Analogamente tale elemento sostitutivo sarà erogato nei casi in cui sia presente contrattazione aziendale o di settore merceologico.
In via transitoria, per la vigenza del presente contratto 2016-2019, lo spazio temporale dedicato alla contrattazione di secondo livello di cui ai precedenti commi è quantificato in 24 mesi.
Al fine di diffondere la contrattazione di 2° livello, con particolare riguardo alla materia delle erogazioni legate alla produttività, le parti condividono le linee guida.
Fermo restando quanto previsto sopra, le Parti concordano che la ricontrattazione degli accordi in vigore non potrà comunque aver luogo prima del 31/8/2017, fatte salve le contrattazioni già in essere alla firma del presente accordo.
Gli accordi di secondo livello con scadenza tra il 1/1/2016 e il 31/12/2016, avranno una ultrattività di 12 mesi rispetto alla loro originaria scadenza.
Quanto sopra premesso, le Parti concordano che, ai fini del rispetto della non sovrapponibilità dei cicli negoziali, il rinnovo dei contratti di secondo livello non potrà svolgersi nell’anno solare in cui sia previsto il rinnovo del CCNL.

Previdenza complementare e fondi integrativi

Le parti convengono che a partire dall’1/1/2017 al lavoratore componente della Assemblea del Fondo è riconosciuto complessivamente un giorno di permesso per la partecipazione alle convocazioni di tale organo.

Orario di lavoro e flessibilità

Allo scopo di far fronte a particolari esigenze produttive e/o di mercato, è istituito un monte-ore di eccedenza dell’orario contrattuale pari ad un massimo di 90 ore (non più 80) per anno civile, da utilizzare per prestazioni lavorative settimanali con orari superiori a quello contrattuale ed in ogni caso nei limiti di legge, a cui devono corrispondere prestazioni lavorative settimanali con orari corrispettivamente ridotti. Nell’ambito degli accordi in materia di calendario di lavoro annuo, le parti potranno convenire il superamento del limite massimo di 90 ore di flessibilità e regolamentare le modalità dell’eventuale recupero in luogo della maggiorazione.

Lavoro a tempo parziale

I rapporti di lavoro part-time non possono superare il 30% (non più 12%) dei lavoratori a tempo indeterminato o giornate equivalenti (divisore 270) e comunque con un minimo di 2.
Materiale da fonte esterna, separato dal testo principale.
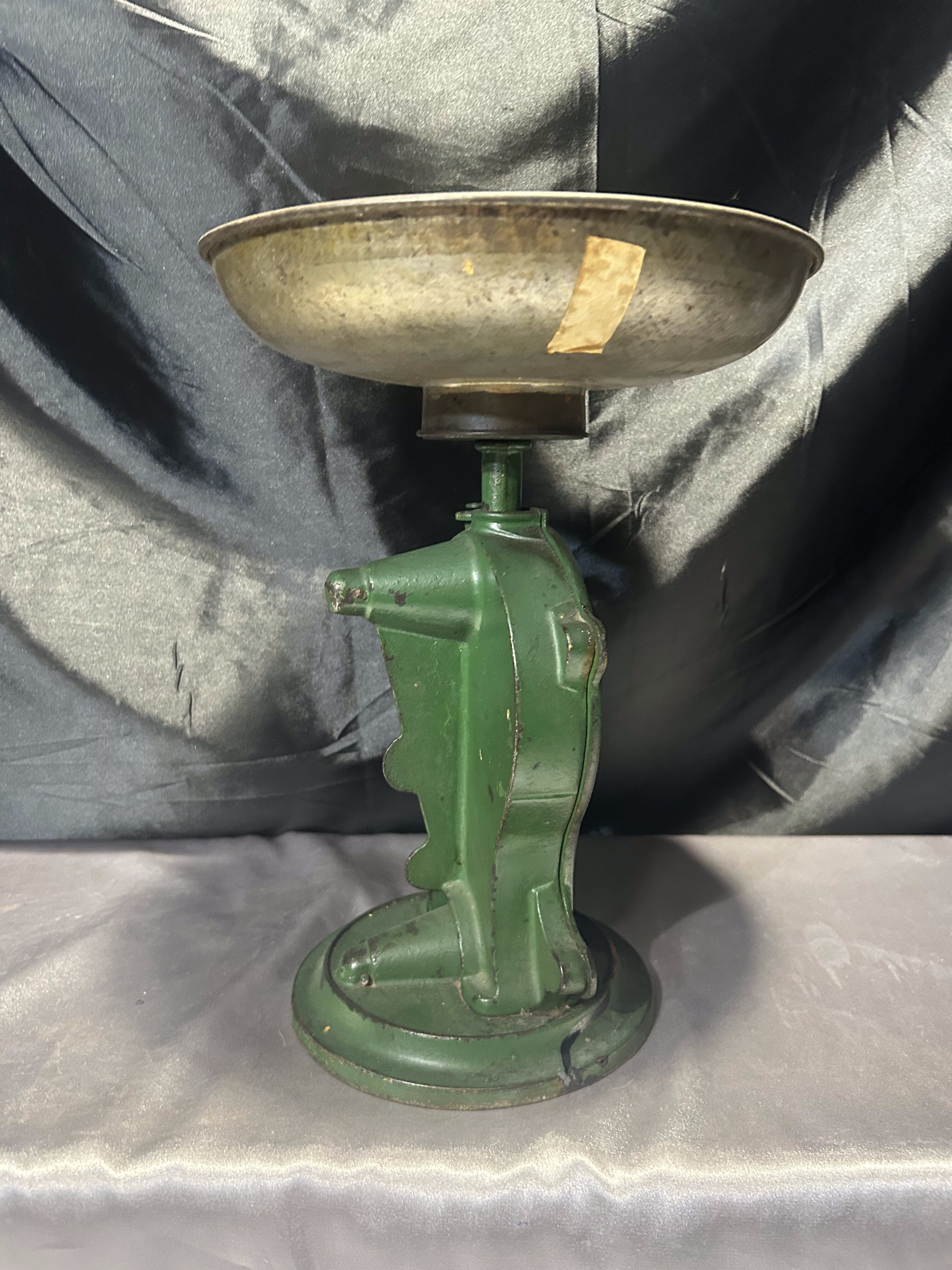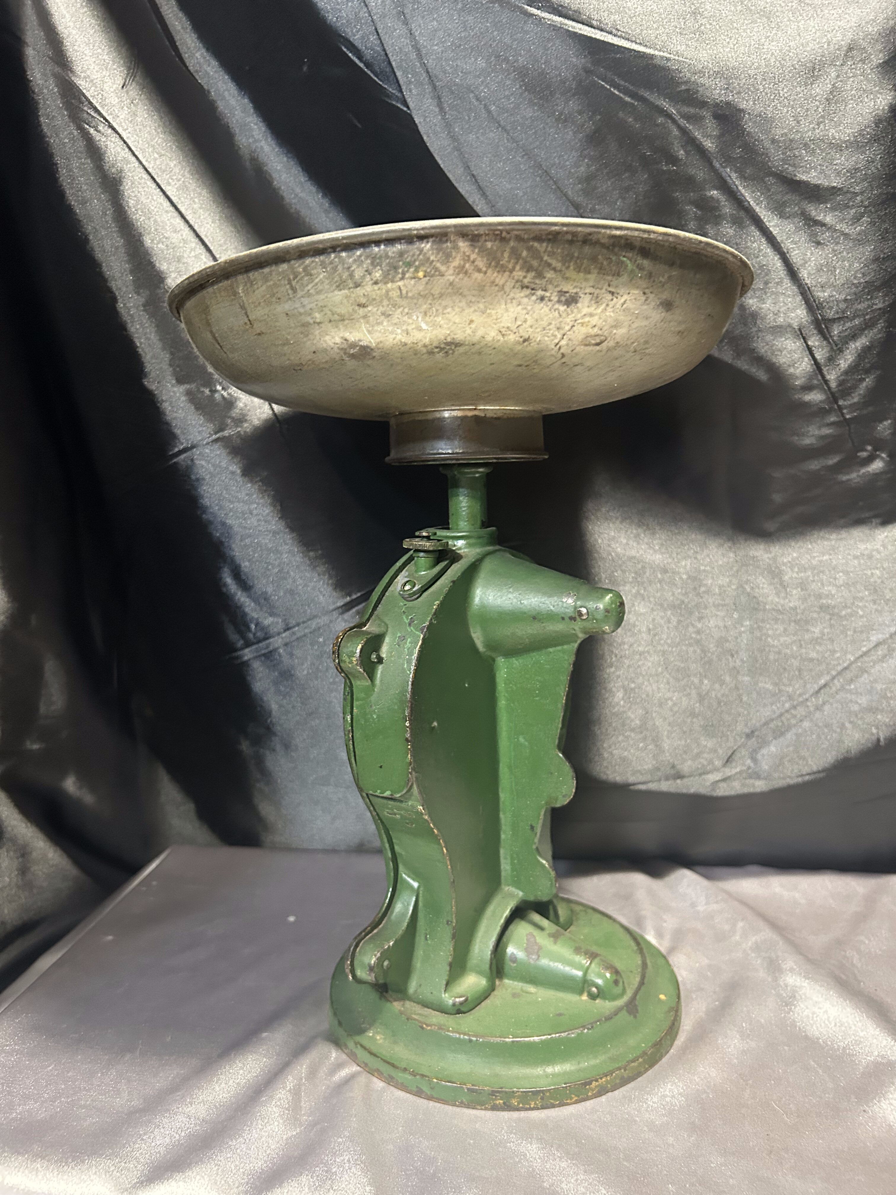 Na sprzedaż oryginalna, stara waga kuchenna w kolorze zielonym, wyposażona w duży, okrągły talerz i czytelną podziałkę do 10 kg. Masywna konstrukcja oraz klasyczny design czynią ją zarówno funkcjonalnym narzędziem, jak i dekoracyjnym elementem wnętrza w stylu vintage lub retro.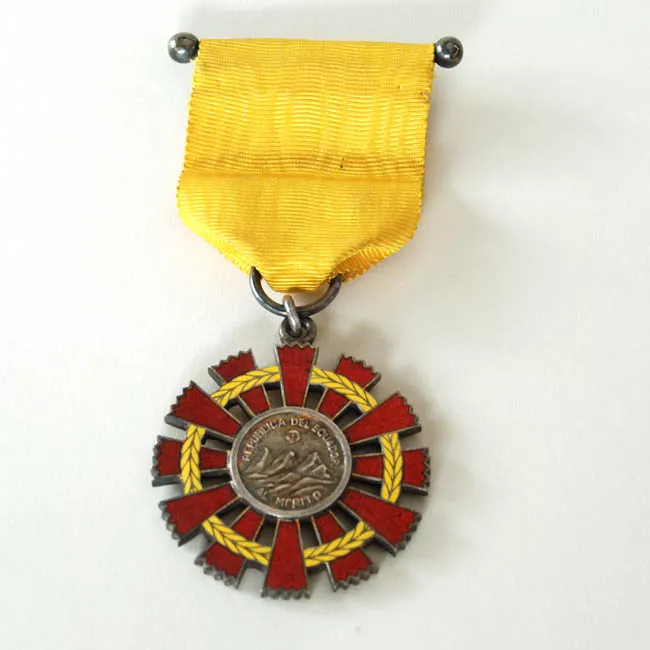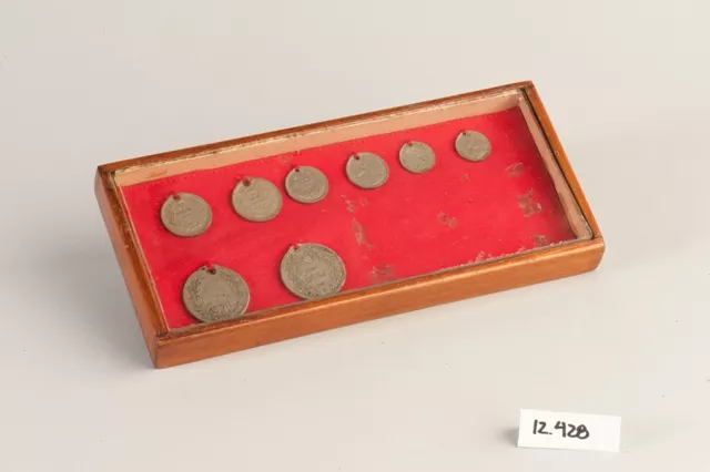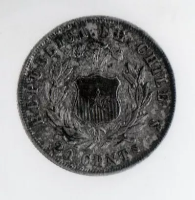 Forma ovalada. Fabricada en metal de color plateado oscuro. El anverso presenta, números y líneas poco definidas Al reverso, una cruz. .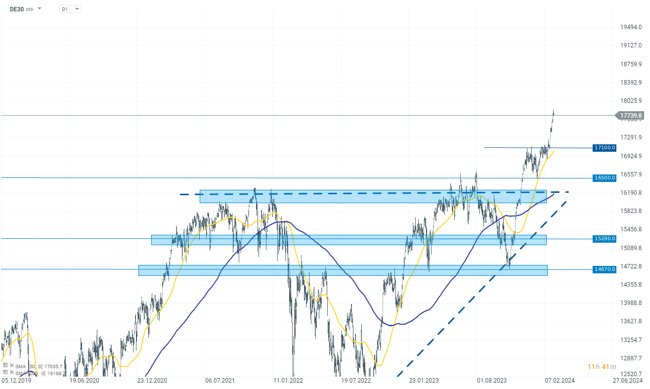 L'indice tedesco è scambiato ai massimi storici. Da metà febbraio il DAX ha registrato un rialzo di oltre il 5,00%, un risultato ancora inferiore rispetto agli indici negli Stati Uniti. La scorsa settimana, il DAX ha registrato 5 giorni consecutivi di guadagni, quindi se oggi l'indice chiude sotto la soglia, dovrebbe essere comprensibile. In caso di correzione maggiore è opportuno tenere presente il livello di 17100 punti, che rappresenta il limite superiore dell'ultimo consolidamento.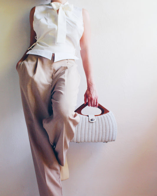 Cottage Core Dreams: Vintage White Straw Handbag for Chic Picnics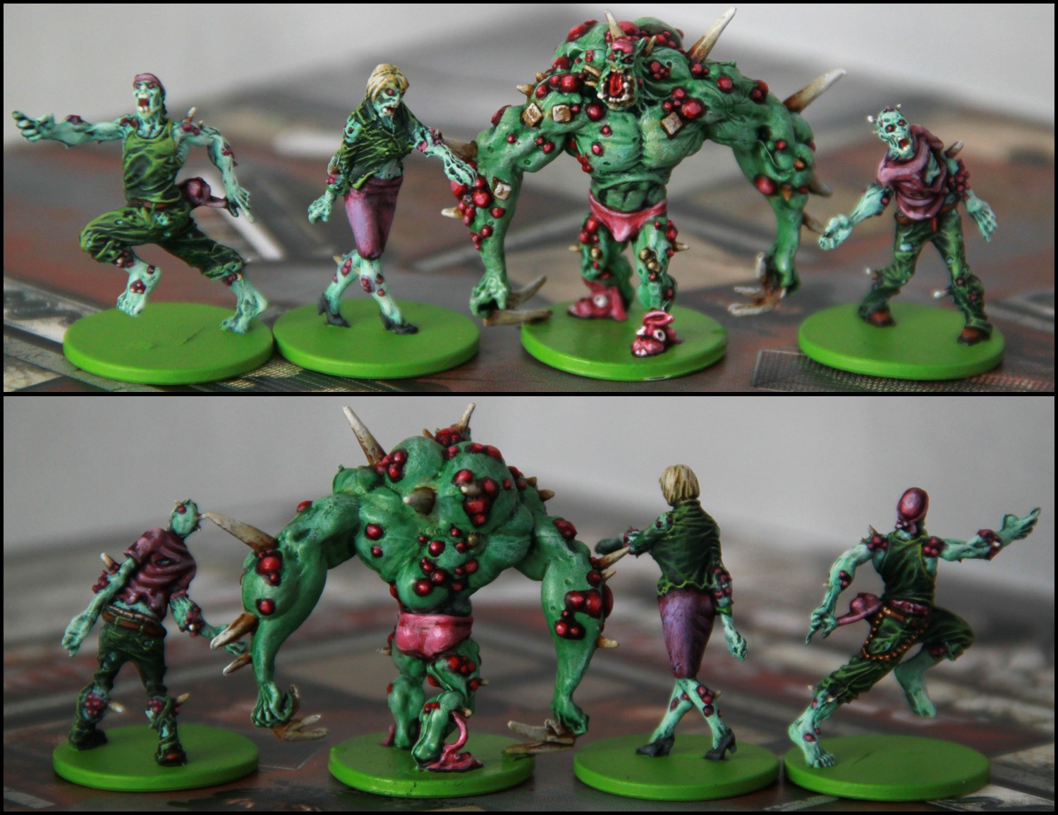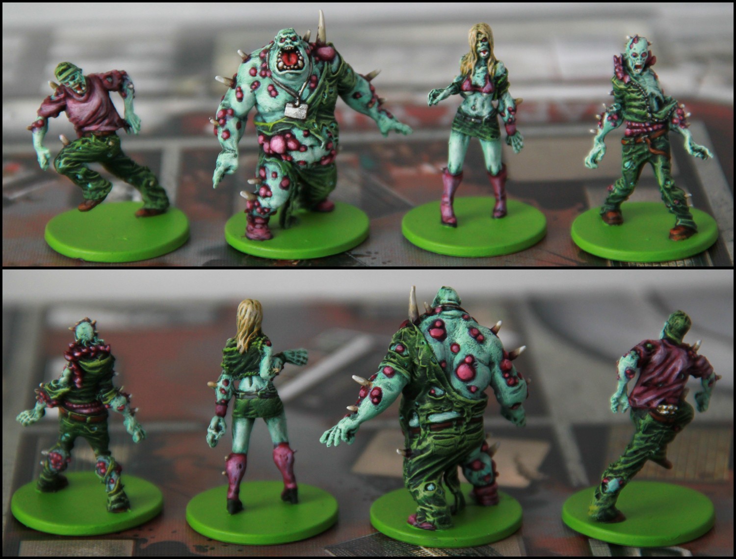 Roolz dit :Une raison particulière pour avoir peint les socles des Z en vert (ou en rouge pour ceux d'avant)?Au cas ou tu ne connaisses pas le jeu : Ce sont simplement des categories de zombies differents des zombies "normaux", avec une distance d'elimination possible variable. Meme avec un schema de couleur sur la figurine, on peut parfois ne pas voir une categorie dans un groupe de 7-8 qui sont dans la meme piece et se retrouver sur une case ou on ne pourra pas eliminer le zombie correspondant (et donc mourir betement). Du coup la lisibilité est tres importante.
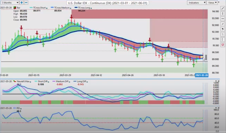 So if we can clear 90.22, the dollar may come off, but either way, the dollar usually does not have a great month in the month of June. So when we click on our F8 in our VantagePoint software, we do have a two-day close above the long predicted. Now, this is a two day rule that I’ve often discussed at some of the seminars in Tampa and the VantagePoint live training room. I don’t like to bite on the first time we move above this. I want confirmation that we’re holding above this.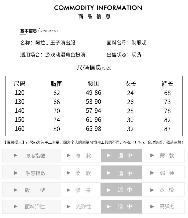 할로윈 의상 Pettigir Aladdin 의상 애니메이션 같은 어린이 코스프레 무대 의상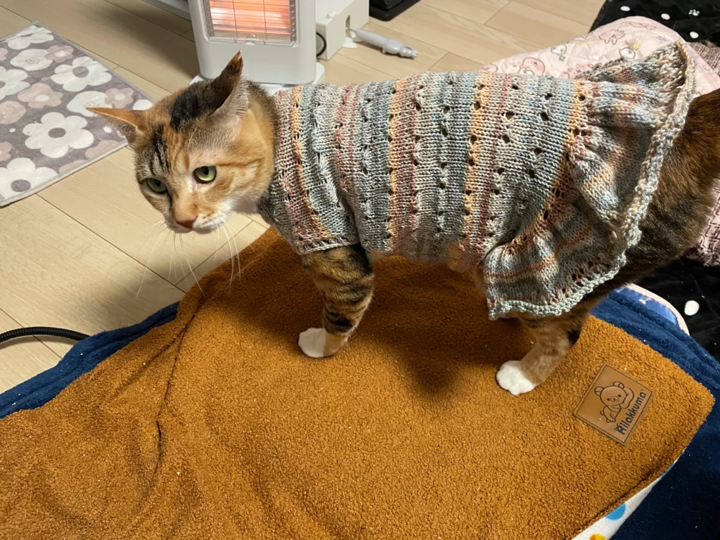 ↑ケープ、同じデザインのものはもう販売されてないみたいでした…。棒針編みのケープです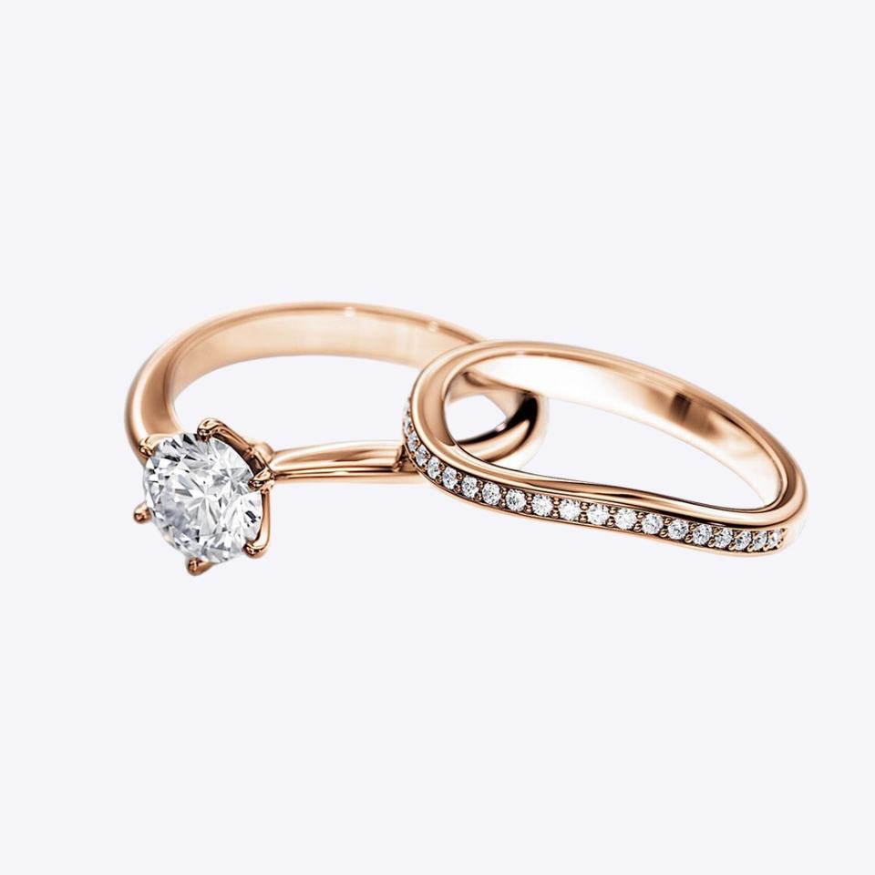 Ventaja:Forma de onda diamante apilamiento anillo de oro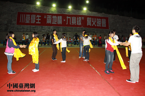 夜空下的九寨溝略顯寒意,溝漳扎小學的篝火旁卻暖意融融,倍感溫馨。在場的所有人跳起歡樂的鍋莊,享受著民族獨特的魅力。相信在未來的歲月中,在場的兩岸青年學子都會銘記住這個歡樂而難忘的夜晚。(中國臺灣網記者 王偉)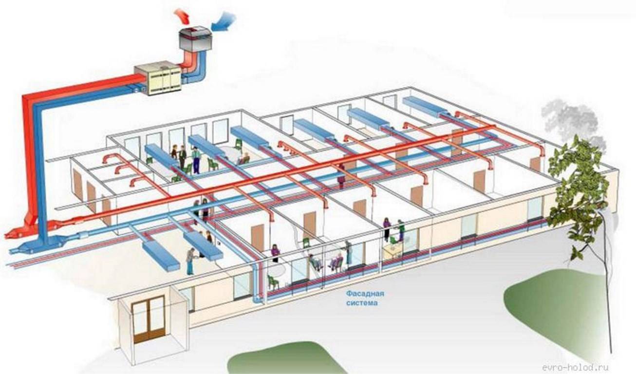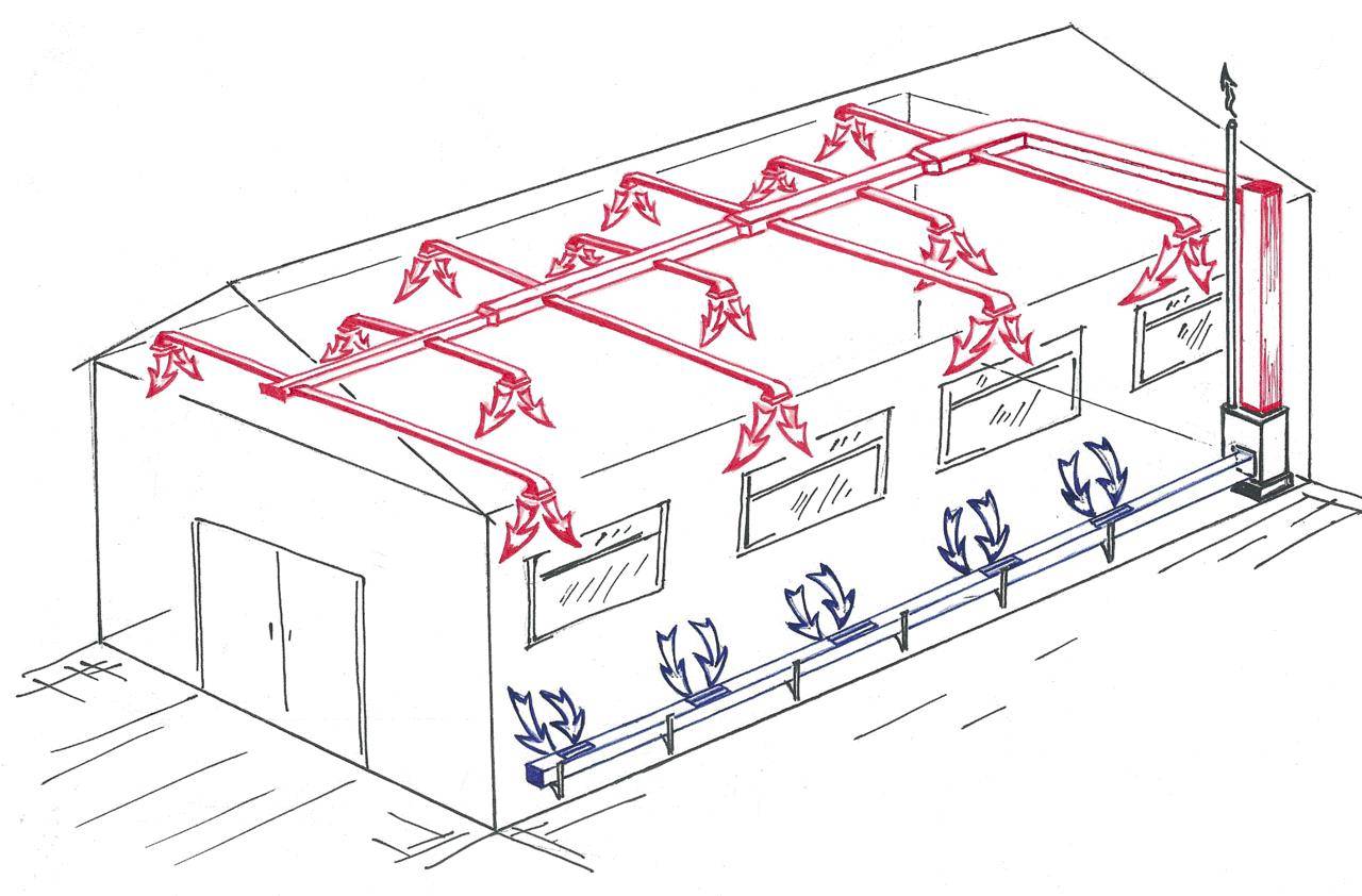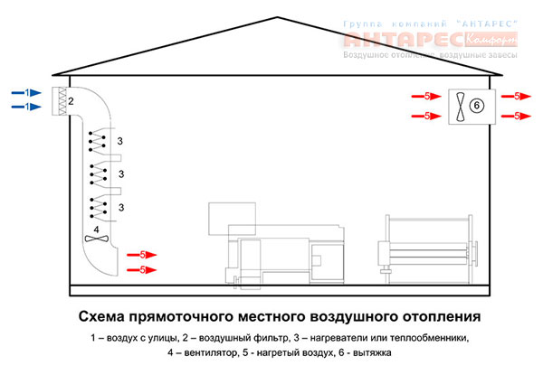 Внизу здания устанавливается теплогенератор, к нему делается разводка воздуховодов во все помещения здания, на которых устанавливаются вентиляционные решётки под потолком. Тёплый воздух из них выходит в комнаты.

Contratto di somministrazione e lavoro

La somministrazione di lavoro è consentita nelle circostanze e con le modalità fissate dalle leggi vigenti.

Maternità obbligatoria

A decorrere dall’1/1/2017, in caso di congedo obbligatorio per maternità iniziate da tale data l’impresa integrerà, per le lavoratrici a tempo indeterminato, la prestazione erogata dall’INPS sensi degli art. 16 e 22 del D.Lgs. 151/2001, per un massimo di 5 mesi, in modo da raggiungere il 100% dell’ultima retribuzione ordinaria netta percepita dalla lavoratrice stessa. Ferma restando la decorrenza di cui sopra, per le lavoratrici OTD l’integrazione sarà corrisposta a seguito della presentazione da parte della lavoratrice del cedolino INPS attestante l’avvenuta liquidazione dell’indennità di maternità.
L’integrazione a carico della cooperativa sarà ridotta dell’eventuale importo riconosciuto per analoga prestazione dalla cassa extra legem.

Periodo di prova

L’operaio assunto con rapporto di lavoro a tempo determinato superiore a 50 giorni è soggetto a un periodo di prova di 8 giorni lavorativi, relativamente al solo primo rapporto di lavoro per le medesime mansioni.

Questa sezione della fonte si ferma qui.